(Data extracts)
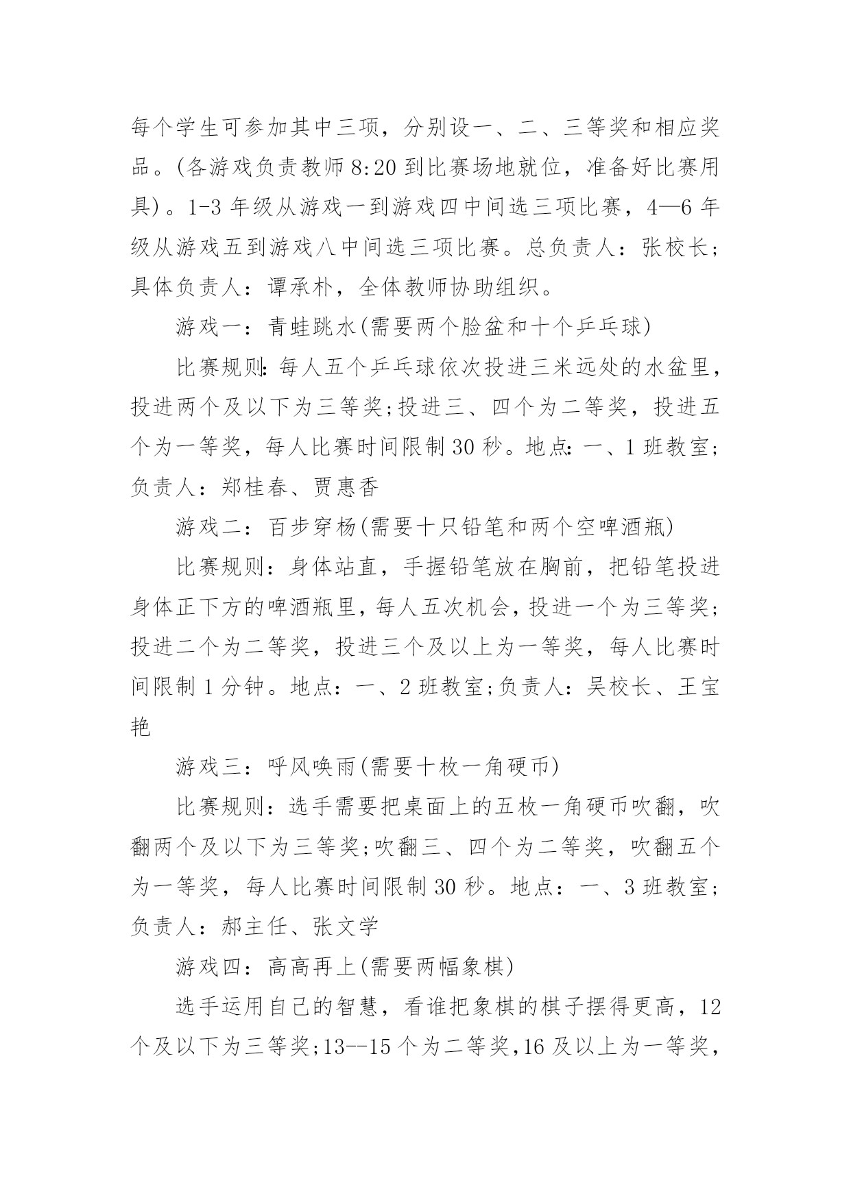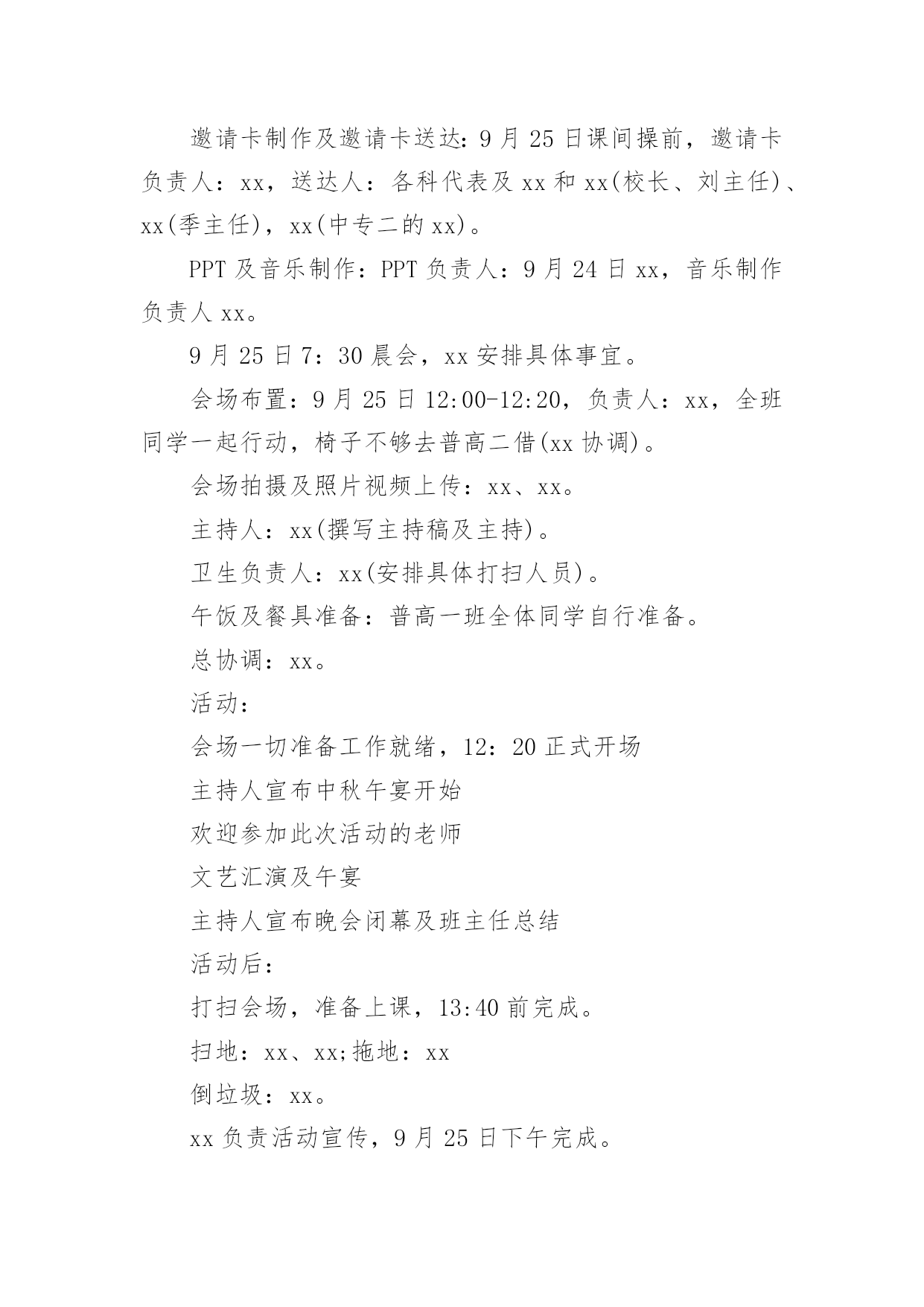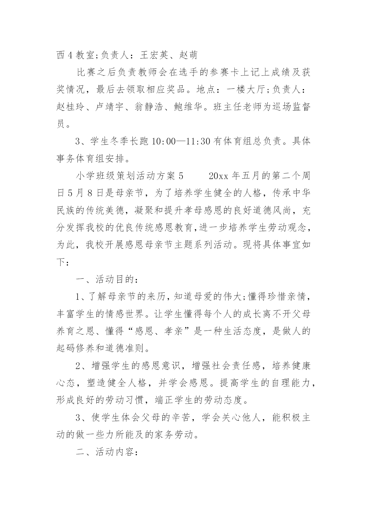 小学班级策划活动方案小学班级策划活动方案为了确保事情或工作得以顺利进行,通常需要提前准备好一份方案,方案是为某一行动所制定的具体行动实施办法细则、步骤和安排等。那么方案应该怎么制定才合适呢?以下是小编为大家收集的小学班级策划活动方案,供大家参考借鉴,希望可以帮助到有需要的朋友。小学班级策划活动方案1活动时间:20xx年9月25日12:20活动地点:普高一班教室活动策划:xx、xx活动组织单位及人员:普高一班全体师生一、活动目的中秋节是中国的'传统民俗,是团圆的日子,鉴于我班有27位同学住校,不能与家人共度中秋,故在班级举行中秋午宴,全班过一个团圆的中秋,也为师生搭建一个了解的平台,同时增进师生情谊。二、活动开展活动分为三个阶段:前期:按照策划进行活动前的准备;活动:活动后:收尾及相关工作。前期:节目报名:9月23日前,微信或者QQ联系班长龚紫洋,报节目内容(曲目;乐器),用时时间。邀请卡制作及邀请卡送达:9月25日课间操前,邀请卡负责人:xx,送达人:各科代表及xx和xx(校长、刘主任)、xx(季主任),xx(中专二的xx)。PPT及音乐制作:PPT负责人:9月24日xx,音乐制作负责人xx。9月25日7:30晨会,xx安排具体事宜。会场布置:9月25日12:00-12:20,负责人:xx,全班同学一起行动,椅子不够去普高二借(xx协调)。会场拍摄及照片视频上传:xx、xx。主持人:xx(撰写主持稿及主持)。卫生负责人:xx(安排具体打扫人员)。午饭及餐具准备:普高一班全体同学自行准备。总协调:xx。活动:会场一切准备工作就绪,12:20正式开场主持人宣布中秋午宴开始欢迎参加此次活动的老师文艺汇演及午宴主持人宣布晚会闭幕及班主任总结活动后:打扫会场,准备上课,13:40前完成。扫地:xx、xx;拖地:xx倒垃圾:xx。xx负责活动宣传,9月25日下午完成。策划人xx于9月26日早自习做活动总结。节目单全体人员诗歌朗诵《水调歌头》时间:两分钟1.《刚刚好》原唱:薛之谦时间:四分钟2.《差三岁》原唱:Jam时间:四分钟3.《卖串儿》制作人:彭熙然、张蕊时间:五分钟4.《演员》原唱:薛之谦时间:四分钟5.《杀手》原唱:林俊杰时间:四分钟6.《鸽子》原唱:徐秉龙时间:四分钟7.《伦巴》拉丁舞时间:三分钟8.《告白气球》合唱时间:四分钟9.《友谊地久天长》合唱时间:四分钟小学班级策划活动方案2为进一步加强我们xx班的精神文明建设,创造一个良好的学习环境,全面提高学生的综合素质,将我校的精神文明建设推向一个新台阶,配合《xx市争创全国文明卫生城市》主题活动,决定开展班级亲子卫生大扫除劳动,旨在增强全体同学和家长的环保意识,让大家从身边做起,从小事做起;也对学生进行热爱劳动,服务社会的教育。现制定xx路小学xx班班级卫生大扫除活动方案一、活动重点清除本班教室和心理咨询办公室的各类垃圾以及墙面的.乱贴乱画,责任卫生区以及教室外走廊的环境卫生。二、活动要求各位家长加强对班级亲子卫生大扫除工作的重视,认真组织动员班级全体学生和家长积极参加班级卫生大扫除活动,以确保我们班责任卫生区的卫生大扫除各项工作顺利进行。具体要求:1、教育学生注意安全,不在活动时打闹、玩耍、做与活动无关的事。2、要结合本班学生特点,认真调配人员,合理分工,各班将班级人数分成若干小组,每小组落实一个安全责任人。3、将班级内外所有墙面上的贴画、污染物等清除干净。4、各位家长按照指定区域做到先洒水,后扫地。5、责任卫生区墙面乱贴乱画一并清扫,做到清洁无垃圾、杂物。三、时间安排。(一)组织发动(xx年01月07日)1、家委会向全体家长进行宣传动员;2、组织动员本班级学生积极开展卫生大扫除活动。(二)贯彻实施(xx年13月9日)家委会将组织全班师生参与班级卫生大扫除活动。结束后组织检查活动结果。(三)活动延伸(xx年春期)1、将此次活动延伸到校园环境卫生的日常工作中,中队要加大宣传力度,开展形式多样的宣传活动,使每个孩子明白此次活动开展的目的和重要性,从而自觉形成讲文明、讲卫生的良好行为。2、重点加强对各班级卫生的日常管理、检查与整治。四、保障措施(一)加强组织领导为了保证本次活动的顺利进行,班级诚邀各位家长参加此次活动,对本班的工作开展作检查和考评。组长:班主任成员:家委会成员(二)严格管理,落实责任希望各位家长认真对待此次亲子班级卫生大扫除活动。(三)为让活动顺利开展,争取班主任及家长的大力支持。活动策划者:xx班班主任xx班家委会xx/01/06小学班级策划活动方案3活动时间:20xx年11月9日活动名称:亲子活动——济南动物园内容与要求:1、体验和爸爸妈妈、小朋友一起出游的快乐。2、通过观察、介绍、观看表演等活动,激发幼儿喜爱动物的情感。活动准备:1、在活动前,已通过谈话,
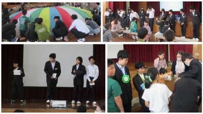 小学生も交えて、新1年生クイズやゲーム、プレゼント渡しなどをして新一年生の入学をみんなで祝いました。久しぶりに小学校の先生や小学生に会えて、みんな嬉しそうでした。
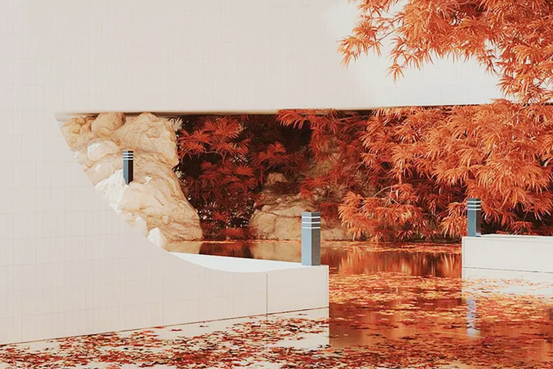 采用白色紋理石材,純正的白色如冬季的雪山。 石材的紋理猶如白雪覆蓋的雪山中露出星星點點的植被。
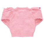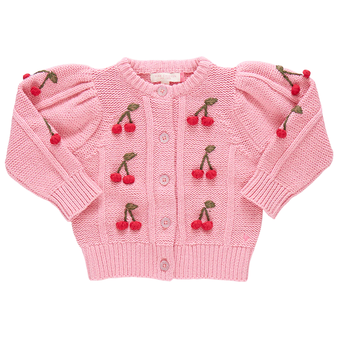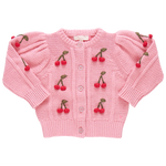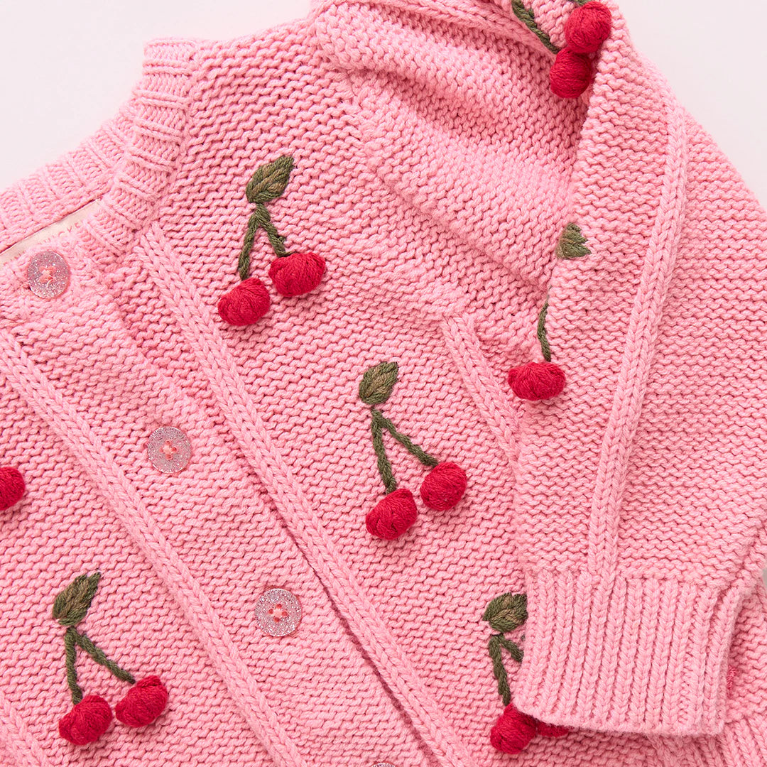 This season our collection classic Girls Constance Sweater is bursting with charm thanks to bunches of hand knit and embroidered sweet cherries down the front and arms. This classic cardigan shape features a soft gathered puff shoulder and a subtle yet sparkly glitter button front closure.
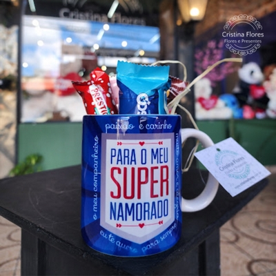 Caneca “Para meu Super Namorado” com 330 ml, recheada com 7 bombons variados, embalada em celofane transparente e finalizada com laço especial — o presente perfeito para demonstrar amor de um jeito doce e divertido.
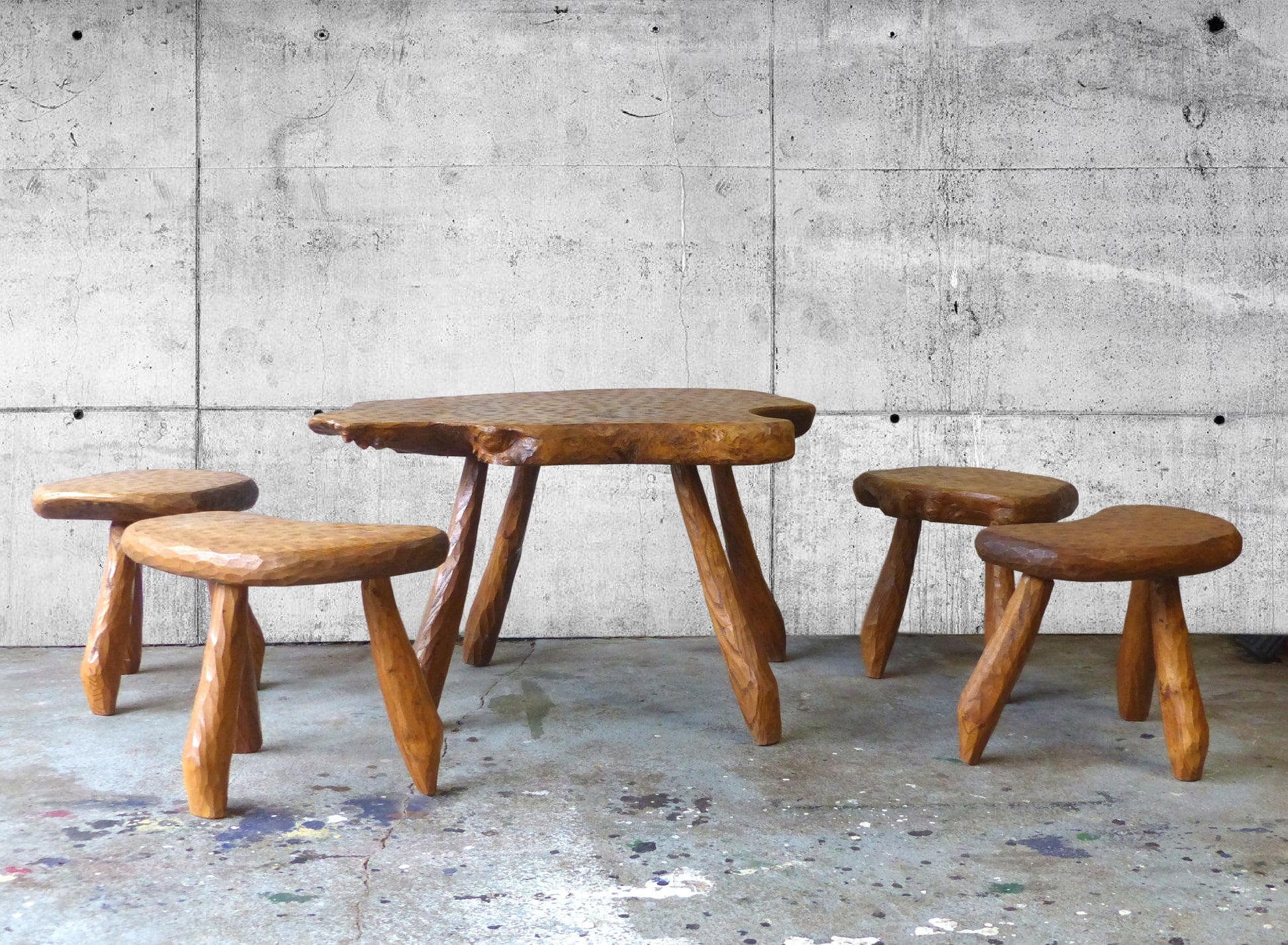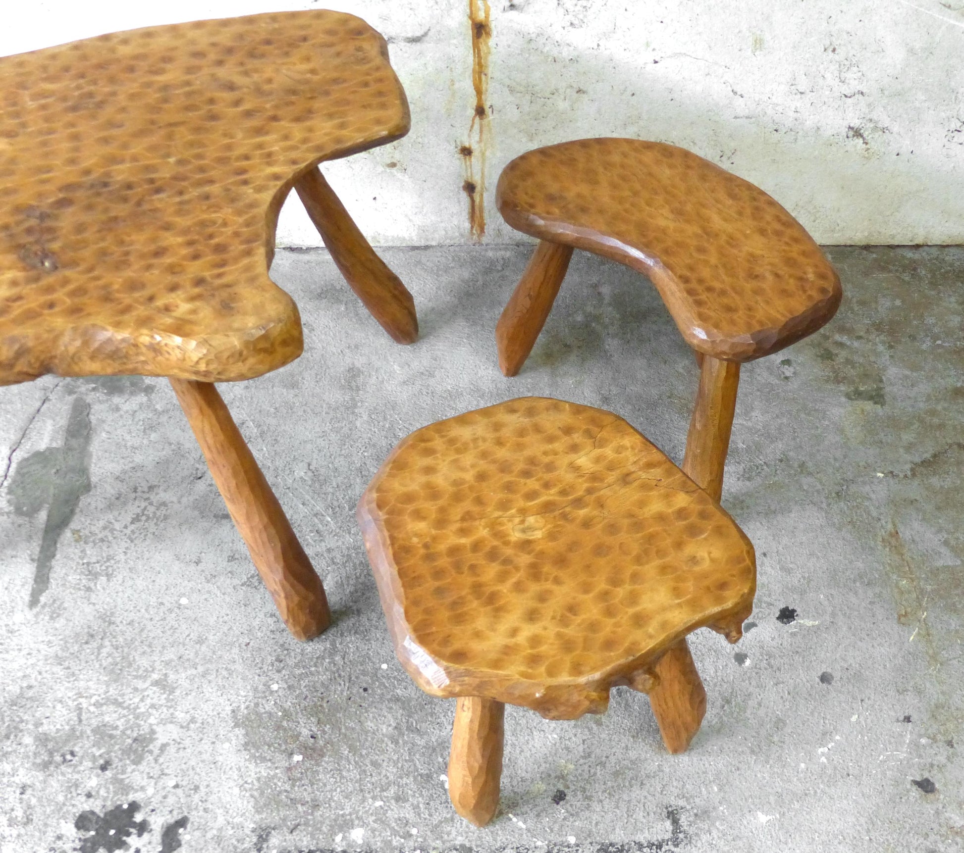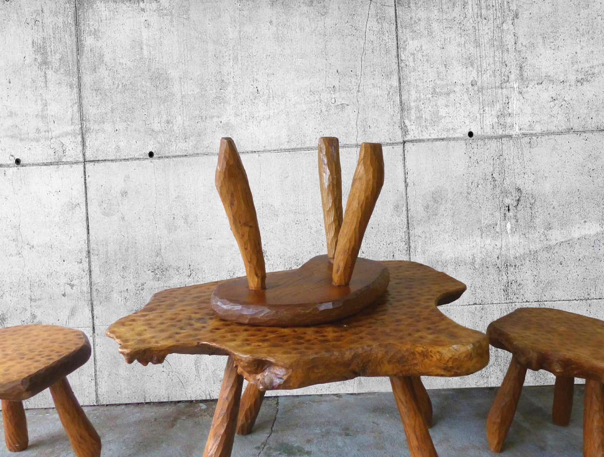 Set of table and 4 brutalist tripod stools inspired by Alexandre Noll.
(End Data extracts)
• [About this task]: Output every record above exactly, leaving out the pictures.

• [Solved exercise]:
 小学班级策划活动方案小学班级策划活动方案为了确保事情或工作得以顺利进行,通常需要提前准备好一份方案,方案是为某一行动所制定的具体行动实施办法细则、步骤和安排等。那么方案应该怎么制定才合适呢?以下是小编为大家收集的小学班级策划活动方案,供大家参考借鉴,希望可以帮助到有需要的朋友。小学班级策划活动方案1活动时间:20xx年9月25日12:20活动地点:普高一班教室活动策划:xx、xx活动组织单位及人员:普高一班全体师生一、活动目的中秋节是中国的'传统民俗,是团圆的日子,鉴于我班有27位同学住校,不能与家人共度中秋,故在班级举行中秋午宴,全班过一个团圆的中秋,也为师生搭建一个了解的平台,同时增进师生情谊。二、活动开展活动分为三个阶段:前期:按照策划进行活动前的准备;活动:活动后:收尾及相关工作。前期:节目报名:9月23日前,微信或者QQ联系班长龚紫洋,报节目内容(曲目;乐器),用时时间。邀请卡制作及邀请卡送达:9月25日课间操前,邀请卡负责人:xx,送达人:各科代表及xx和xx(校长、刘主任)、xx(季主任),xx(中专二的xx)。PPT及音乐制作:PPT负责人:9月24日xx,音乐制作负责人xx。9月25日7:30晨会,xx安排具体事宜。会场布置:9月25日12:00-12:20,负责人:xx,全班同学一起行动,椅子不够去普高二借(xx协调)。会场拍摄及照片视频上传:xx、xx。主持人:xx(撰写主持稿及主持)。卫生负责人:xx(安排具体打扫人员)。午饭及餐具准备:普高一班全体同学自行准备。总协调:xx。活动:会场一切准备工作就绪,12:20正式开场主持人宣布中秋午宴开始欢迎参加此次活动的老师文艺汇演及午宴主持人宣布晚会闭幕及班主任总结活动后:打扫会场,准备上课,13:40前完成。扫地:xx、xx;拖地:xx倒垃圾:xx。xx负责活动宣传,9月25日下午完成。策划人xx于9月26日早自习做活动总结。节目单全体人员诗歌朗诵《水调歌头》时间:两分钟1.《刚刚好》原唱:薛之谦时间:四分钟2.《差三岁》原唱:Jam时间:四分钟3.《卖串儿》制作人:彭熙然、张蕊时间:五分钟4.《演员》原唱:薛之谦时间:四分钟5.《杀手》原唱:林俊杰时间:四分钟6.《鸽子》原唱:徐秉龙时间:四分钟7.《伦巴》拉丁舞时间:三分钟8.《告白气球》合唱时间:四分钟9.《友谊地久天长》合唱时间:四分钟小学班级策划活动方案2为进一步加强我们xx班的精神文明建设,创造一个良好的学习环境,全面提高学生的综合素质,将我校的精神文明建设推向一个新台阶,配合《xx市争创全国文明卫生城市》主题活动,决定开展班级亲子卫生大扫除劳动,旨在增强全体同学和家长的环保意识,让大家从身边做起,从小事做起;也对学生进行热爱劳动,服务社会的教育。现制定xx路小学xx班班级卫生大扫除活动方案一、活动重点清除本班教室和心理咨询办公室的各类垃圾以及墙面的.乱贴乱画,责任卫生区以及教室外走廊的环境卫生。二、活动要求各位家长加强对班级亲子卫生大扫除工作的重视,认真组织动员班级全体学生和家长积极参加班级卫生大扫除活动,以确保我们班责任卫生区的卫生大扫除各项工作顺利进行。具体要求:1、教育学生注意安全,不在活动时打闹、玩耍、做与活动无关的事。2、要结合本班学生特点,认真调配人员,合理分工,各班将班级人数分成若干小组,每小组落实一个安全责任人。3、将班级内外所有墙面上的贴画、污染物等清除干净。4、各位家长按照指定区域做到先洒水,后扫地。5、责任卫生区墙面乱贴乱画一并清扫,做到清洁无垃圾、杂物。三、时间安排。(一)组织发动(xx年01月07日)1、家委会向全体家长进行宣传动员;2、组织动员本班级学生积极开展卫生大扫除活动。(二)贯彻实施(xx年13月9日)家委会将组织全班师生参与班级卫生大扫除活动。结束后组织检查活动结果。(三)活动延伸(xx年春期)1、将此次活动延伸到校园环境卫生的日常工作中,中队要加大宣传力度,开展形式多样的宣传活动,使每个孩子明白此次活动开展的目的和重要性,从而自觉形成讲文明、讲卫生的良好行为。2、重点加强对各班级卫生的日常管理、检查与整治。四、保障措施(一)加强组织领导为了保证本次活动的顺利进行,班级诚邀各位家长参加此次活动,对本班的工作开展作检查和考评。组长:班主任成员:家委会成员(二)严格管理,落实责任希望各位家长认真对待此次亲子班级卫生大扫除活动。(三)为让活动顺利开展,争取班主任及家长的大力支持。活动策划者:xx班班主任xx班家委会xx/01/06小学班级策划活动方案3活动时间:20xx年11月9日活动名称:亲子活动——济南动物园内容与要求:1、体验和爸爸妈妈、小朋友一起出游的快乐。2、通过观察、介绍、观看表演等活动,激发幼儿喜爱动物的情感。活动准备:1、在活动前,已通过谈话,
 小学生も交えて、新1年生クイズやゲーム、プレゼント渡しなどをして新一年生の入学をみんなで祝いました。久しぶりに小学校の先生や小学生に会えて、みんな嬉しそうでした。
 采用白色紋理石材,純正的白色如冬季的雪山。 石材的紋理猶如白雪覆蓋的雪山中露出星星點點的植被。
 This season our collection classic Girls Constance Sweater is bursting with charm thanks to bunches of hand knit and embroidered sweet cherries down the front and arms. This classic cardigan shape features a soft gathered puff shoulder and a subtle yet sparkly glitter button front closure.
 Caneca “Para meu Super Namorado” com 330 ml, recheada com 7 bombons variados, embalada em celofane transparente e finalizada com laço especial — o presente perfeito para demonstrar amor de um jeito doce e divertido.
 Set of table and 4 brutalist tripod stools inspired by Alexandre Noll.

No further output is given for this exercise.